• Required action:
Repeat word for word the lines starting at the one with "Make it a moment" and ending at the final line of the material, both ends included; omit pictures.

• Data extract:

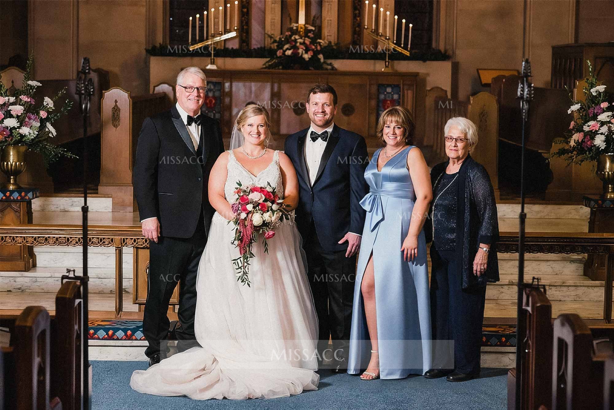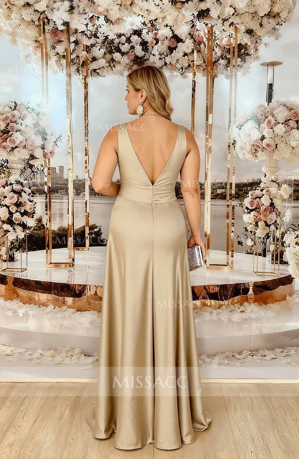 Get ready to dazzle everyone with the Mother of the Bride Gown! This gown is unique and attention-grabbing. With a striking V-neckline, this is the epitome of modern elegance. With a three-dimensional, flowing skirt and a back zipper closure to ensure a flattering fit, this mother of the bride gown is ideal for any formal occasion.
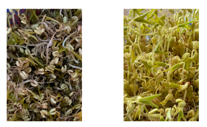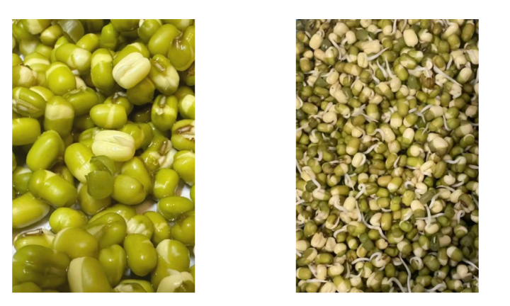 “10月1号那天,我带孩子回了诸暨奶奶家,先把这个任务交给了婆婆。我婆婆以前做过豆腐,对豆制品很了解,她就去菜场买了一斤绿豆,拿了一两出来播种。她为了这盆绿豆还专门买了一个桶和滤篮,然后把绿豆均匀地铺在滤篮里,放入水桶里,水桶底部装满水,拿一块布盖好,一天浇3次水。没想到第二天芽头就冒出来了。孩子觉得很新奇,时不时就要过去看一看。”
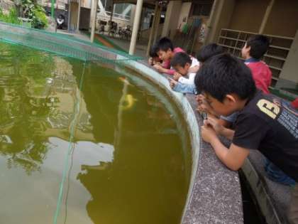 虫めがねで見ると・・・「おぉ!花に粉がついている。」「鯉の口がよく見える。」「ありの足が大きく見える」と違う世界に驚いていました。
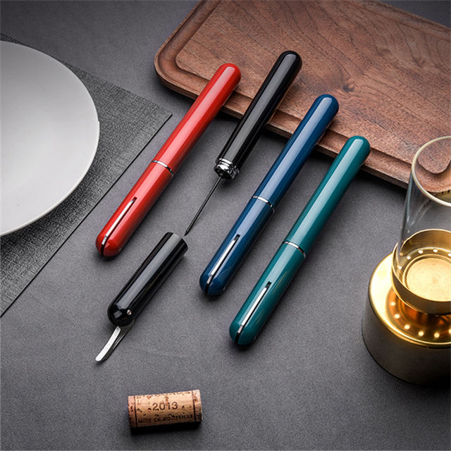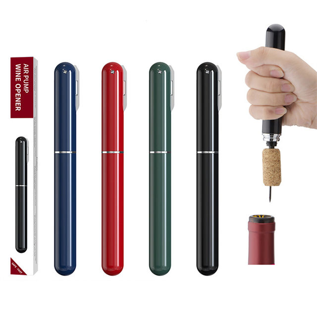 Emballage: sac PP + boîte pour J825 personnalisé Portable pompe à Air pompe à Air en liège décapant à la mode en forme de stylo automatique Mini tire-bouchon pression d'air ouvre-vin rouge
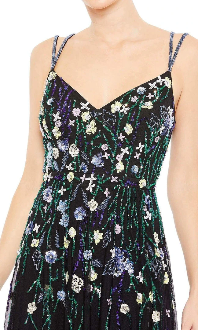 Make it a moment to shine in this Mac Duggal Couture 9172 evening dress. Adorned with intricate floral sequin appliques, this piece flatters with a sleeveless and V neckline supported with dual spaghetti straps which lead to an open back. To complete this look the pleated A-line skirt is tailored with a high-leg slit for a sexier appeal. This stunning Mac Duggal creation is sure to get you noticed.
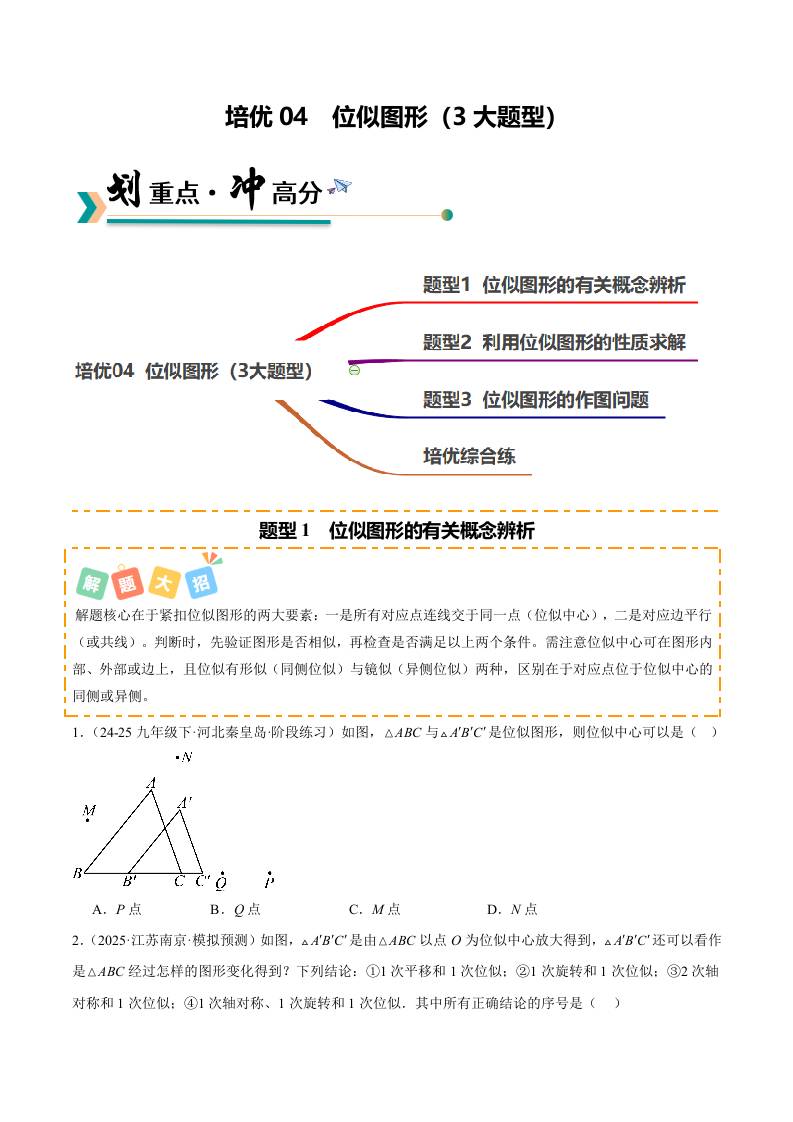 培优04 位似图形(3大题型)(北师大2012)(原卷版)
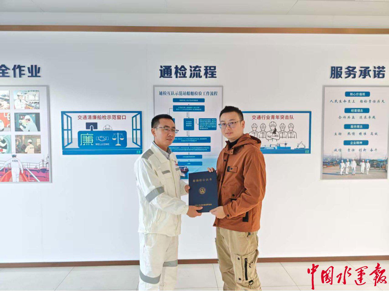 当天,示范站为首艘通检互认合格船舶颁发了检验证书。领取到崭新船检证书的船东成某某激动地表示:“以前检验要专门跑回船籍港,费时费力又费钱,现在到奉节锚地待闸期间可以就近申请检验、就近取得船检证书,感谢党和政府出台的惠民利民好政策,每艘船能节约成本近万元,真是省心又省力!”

• Result:
 Make it a moment to shine in this Mac Duggal Couture 9172 evening dress. Adorned with intricate floral sequin appliques, this piece flatters with a sleeveless and V neckline supported with dual spaghetti straps which lead to an open back. To complete this look the pleated A-line skirt is tailored with a high-leg slit for a sexier appeal. This stunning Mac Duggal creation is sure to get you noticed.
 培优04 位似图形(3大题型)(北师大2012)(原卷版)
 当天,示范站为首艘通检互认合格船舶颁发了检验证书。领取到崭新船检证书的船东成某某激动地表示:“以前检验要专门跑回船籍港,费时费力又费钱,现在到奉节锚地待闸期间可以就近申请检验、就近取得船检证书,感谢党和政府出台的惠民利民好政策,每艘船能节约成本近万元,真是省心又省力!”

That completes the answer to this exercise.